Coucher departure suggests acrimony at NR

The departure of Iain Coucher as chief executive of Network Rail was presented as a standard ‘pursue other interests’ kind of arrangement but it was nothing of the sort. The timing was all wrong for that. Had Coucher left a year ago when the new five year control period for investment had just started, then indeed it could have been presented as ‘the right time to go’.

 Instead, Coucher is leaving at a difficult time for Network Rail, just when continuity and stability were needed. The company faces unprecedented challenges in the coming months, given the new government’s desire to cut costs and tighten control of Network Rail, and the truth is that Coucher was totally the wrong man to confront them. Partly, to be fair, he realised this himself but he was unsure about whether to resign until with the election of the new government the going has got really tough, both for the company and Coucher himself.

 Coucher’s difficulties started a year ago when a new chairman, Rick Haythornthwaite, was appointed to replace Ian McAllister and immediately showed himself to be more prepared to confront Coucher, whose fierce manner had terrified most of his senior colleagues, than his more emollient predecessor. Haythornthwaite was remarkably open about the fact that he disliked the culture of Network Rail, which very much reflected the character of its boss: aggressive, belligerent, single-minded and unwilling to compromise or, often, debate.

 The surprise, therefore, is more that it has taken Haythornthwaite a year to dislodge Coucher. He needed a good cause to push for the change and he was provided with one by the election of a government which had a greater interest in making Network Rail more accountable than its predecessor.

 Coucher probably sealed his fate when he refused to countenance a cut in his massive £613,000 salary which was doubled by a bonus system that set ridiculously low hurdles for the executives to greatly increase their remuneration. Soon after Philip Hammond was appointed as the new transport secretary, he wrote to Haythornthwaite urging Network Rail to be sensitive about the remuneration of its employees with taxpayer-funded bonuses.

 Coucher, though would have none of it. Although he did forgo part of his bonus last year, Coucher responded by telling The Times that every one of Network Rail’s 37,000 employees which presumably included himself, ‘is worth what we pay them’.

 There has, too, been growing disquiet within the company about the role of Victoria Pender,  the director of corporate and government affairs, who is paid £215,000 per year for being what is essentially a glorified director of communications. Coucher and Pender are friends who worked together at Tube Lines and formed a now dormant company Coucher Pender Associates which received a bonus after Network Rail was established from the ashes of Railtrack in 2002.

  The new boss of Network Rail – the only leading inside candidate is the chief operating officers, Robin Gisby – is going to have to work hard to change the culture of the company.

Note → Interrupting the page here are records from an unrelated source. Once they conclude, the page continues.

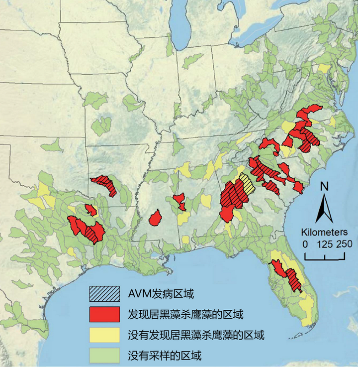 南卡罗莱纳州和佐治亚州交界处的瑟蒙德湖,白头鹰、加拿大黑雁(Branta canadensis)、双领鸻(Charadrius vociferus)和美洲雕鸮(Bubo virginianus,又称大雕鸮、大角猫头鹰)先后确诊了 AVM。1998~2004 年瑟蒙德湖发生了 1994 年以来最大规模的白头鹰死亡事件。同期监测发现 17~94%的绿头鸭有 AVM。但是,浣熊、海狸和灰狐这些哺乳动物都没有 AVM。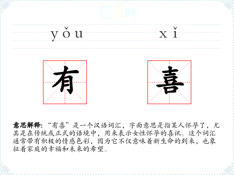 “有喜”是一个汉语词汇,字面意思是指某人怀孕了,尤其是在传统或正式的语境中,用来表示女性怀孕的喜讯。这个词汇通常带有积极的情感色彩,因为它不仅意味着新生命的到来,也象征着家庭的幸福和未来的希望。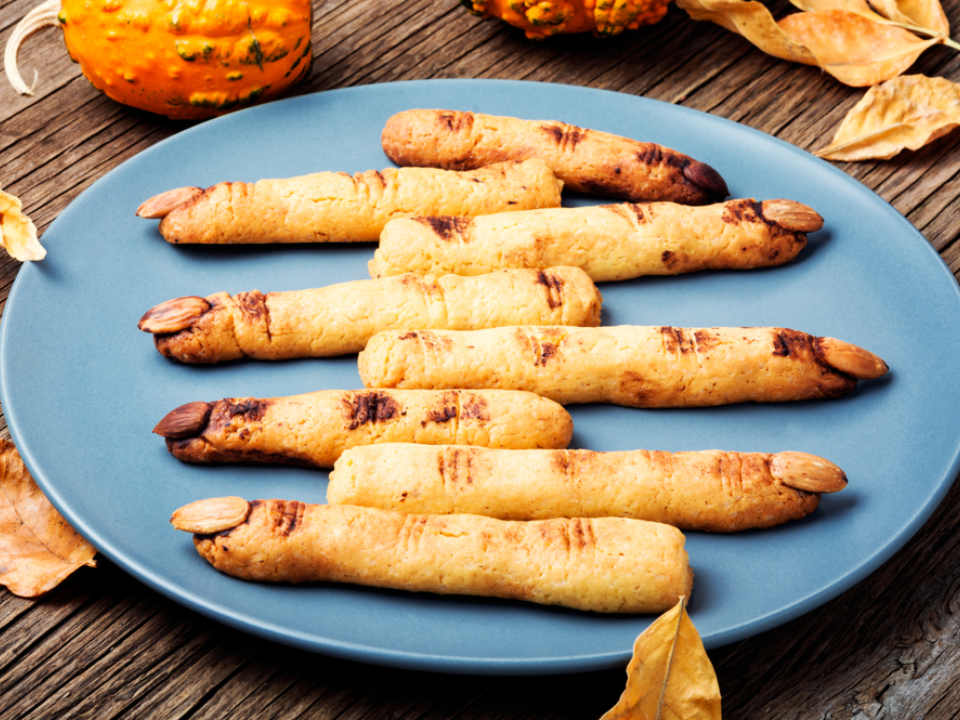 To make the dough, combine 2 3/4 cups flour, 1 cup butter, 1 1/2 cups sugar, 2 eggs, and vanilla extract. Mix until smooth, then roll the dough into finger shapes. Press an almond into the tip of each cookie to create the “nail.” Bake at 350°F for 12-15 minutes, or until golden. Once cooled, use red food coloring gel to add blood details around the almond. Serve these spooky cookies to guests for a Halloween scare.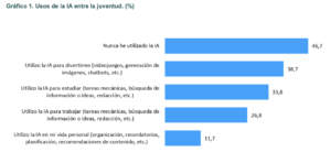 Entre quienes sí la han probado, el uso más extendido es con fines recreativos: el 38,7% recurre a la IA para actividades lúdicas, como videojuegos, generación de imágenes, chatbots, etc. Le siguen los usos educativos, presentes en el 33,8%, y los laborales, todavía minoritarios, con un 26,8% de jóvenes que la utilizan en tareas profesionales. La integración en la vida personal continúa siendo muy reducida: solo el 11,7% emplea la IA para organización, recordatorios, planificación o recomendaciones de contenido.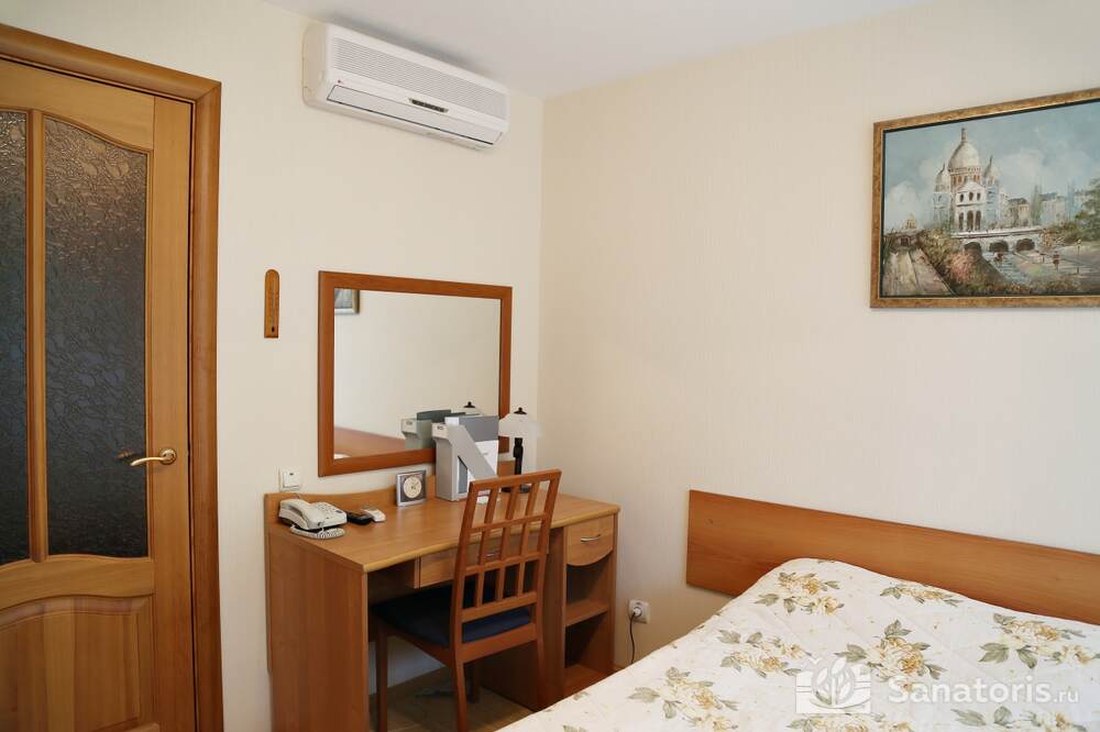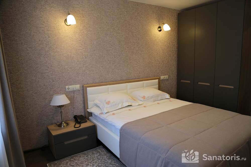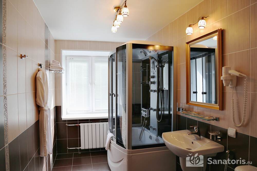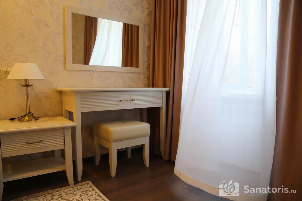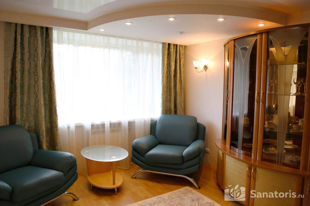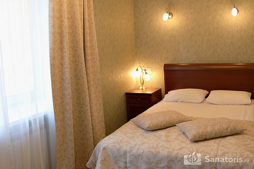 Всего на территории санатория три корпуса. Два из них предназначены для проживания постояльцев. В каждом из них 5 этажей. Так же есть двухэтажный медицинский корпус, который соединяется со спальными корпусами теплым переходом.

The former transport secretary, Lord Adonis, highlighted the failings of Network Rail in a highly critical article in The Times on June 19. He cited, for example, the continued closures at weekends for engineering works, despite the company’s aspiration. It was a weekend last spring when both lines between London and Scotland were closed when ‘it really got to him’. Network Rail’s excuses were the usual bluster, as Adonis notes: ‘The company wasn’t even apologetic. Minister, you don’t understand the complexity of track renewal work. But what of the “seven-day railway”, one of its mission slogans? Ah, minister, that shouldn’t be taken to mean that the railway will always be open at weekends, just that we would like it to be so’.  

 Tellingly, Adonis pointed to British Rail’s 1978 Easter timetable sent to him by an exasperated rail manager which showed that despite engineering work, there were no routes on which a rail service was not offered. As another example of Network Rail’s lack of customer focus, he also noted that Marks and Spencer’s was eager to open more food outlets at stations but was frustrated by the lack of interest from Network Rail which does not even have a senior executive in charge of stations.

 Coucher’s response to such criticism was never emollient and, quite the opposite, was often belligerent, as shown by his attitude to his salary. In the past year, the company stupidly seemed to set itself apart from government by publishing alternative plans for a high speed line and for electrification, without, it seems, consulting with the Department for Transport.

 As Hammond’s remark about publicly finance bonus payments suggests, the arrival of the new government and the need for austerity has blown apart the excuse that Network Rail is a private company, outside the control of government. In his Times article Adonis tellingly points suggests that the new person at the head of Network Rail ought to report directly to the Department for Transport. As Adonis knows all too well, that effectively means renationalising the company – or rather recognising its de facto status.

 In fact, that is the only sensible way forward and it is by no means inconceivable that the Tories would do it. Just before the election, I was told by the former transport minister Steve Norris, that there were many senior people within the Tory party who recognised that Network Rail’s present status is not sustainable, and that nationalisation is the only answer. What an irony that would be – that a Tory government would be readier to nationalise a major company than Labour. Network Rail’s ludicrous state of limbo where it pretends that it is private, thereby avoiding the kind of accountability to which a government agency would be subject such as the Freedom of Information Act, and yet has no shareholders who are able to ask questions of it, must be ended. Coucher’s demise makes change all the more likely.